A ignorância aterrou-nos numa tristeza profunda e num choro que chorámos os dois, como se mais ninguém existisse no mundo. Nessa noite tive a certeza de que tinha de ser o pilar ou correria o risco de ver tudo ruir. Decidi aceitar, não sabendo, de todo, o que estava a aceitar, apenas que era a minha filha. Nada disso fazia parte da minha experiência de maternidade.
Quando a levámos para casa, ainda num ambiente de tristeza, rapidamente nos apercebemos de que a força, a esperança e o positivismo tinha que vir de nós. Todos que iam lá a casa ficavam consternados connosco, mas batiam a porta e a vida deles continuava. A nossa também tinha de continuar, de crescer e, acima de tudo, tinha obrigação de ser feliz.

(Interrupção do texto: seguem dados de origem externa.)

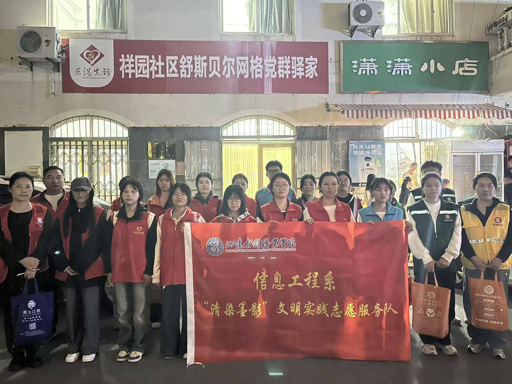10月16日,信息工程系“清染墨影”文明实践志愿服务队联合祥园社区开展“政策入户送服务 校社联动暖民心”志愿服务活动,以青春力量守护社区平安,推动校社联动共治走深走实。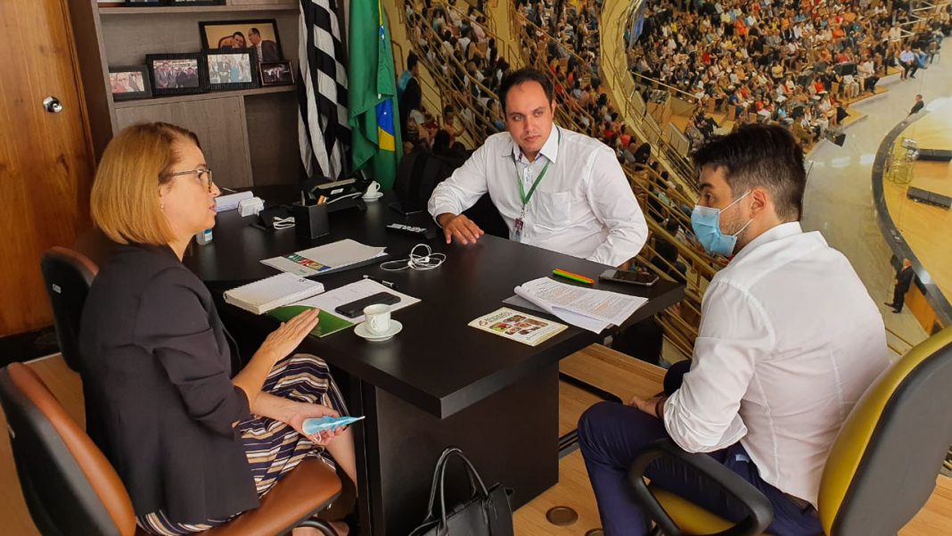 O prefeito Guti se reuniu nesta terça-feira (23), em Brasília, com a assessora especial da Superintendência Regional da Companhia Nacional de Abastecimento (Conab), Claudia Fonseca, para reivindicar a ampliação de repasses ao Programa de Aquisição de Alimentos (PPA) de Guarulhos e aumentar doações e arrecadações de gêneros alimentícios para o Banco de Alimentos do município.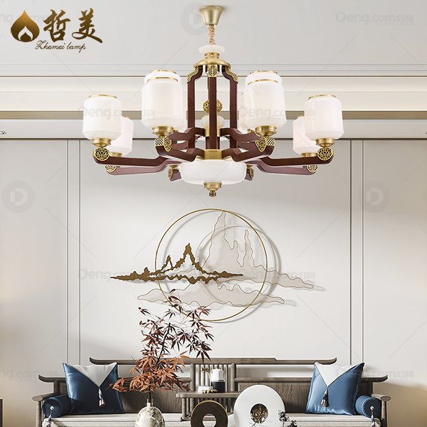 新中式 吊灯 铜合金+木灯臂 拉杆玉石中柱 防尘灯罩

Depois de passarmos pelos sentimentos mais diversos, como revolta, culpa, autocomiseração e pena, começámos a crescer espiritualmente. Acho que passar por essas fases foi fundamental para que nos pudéssemos estruturar novamente, reorganizar os nossos valores. É incrível como tudo é tão relativo!
E nada melhor do que o tempo e as rasteiras da vida para nos mostrar essa relatividade. E os dias foram-se passando e a Madalena dormia e comia e voltava a dormir...
Quando, finalmente, ela começou a interagir comigo e o amor por ela já era tão grande, começou a ensinar-me a esperar pelo tempo dela. As outras crianças pareciam que nasciam ensinadas. Nós tínhamos de esperar que ela aprendesse, mas ela aprendia e foi aprendendo sempre. No tempo dela. Esse esforço e vontade imensa em aprender, aumentava cada vez mais o nosso amor por ela. Cada aquisição que a Madalena fazia era para nós uma felicidade imensa. O orgulho com que ela nos mostra uma habilidade nova, que qualquer outra criança fez num abrir e fechar de olhos, deixa-nos embevecidos.
Aprendi a perceber e a aceitar a diferença sem qualquer preconceito. Diferença essa que, hoje em dia, não me apercebo, porque a Madalena chora quando está triste, ri – e ri muito – quando está contente, brinca quando brincam com ela e faz asneiras, como todos os outros. Só me lembro que a minha filha é diferente quando a falta de informação, a ignorância e maldade das outras pessoas me fazem lembrar, ou quando, pura e simplesmente, olho para ela a brincar e a fazer coisas tão iguais às outras crianças, que me encho de orgulho e de uma vaidade tão imensa.
Apercebi-me de que a vida é mesmo assim e que, quanto maior é a nossa força e vontade de viver, melhor é o nosso dia a dia e o de quem vive connosco. E que, sejam os problemas maiores ou menores, todos eles são ultrapassados com amor e respeito pelo próximo, seja ele diferente ou não.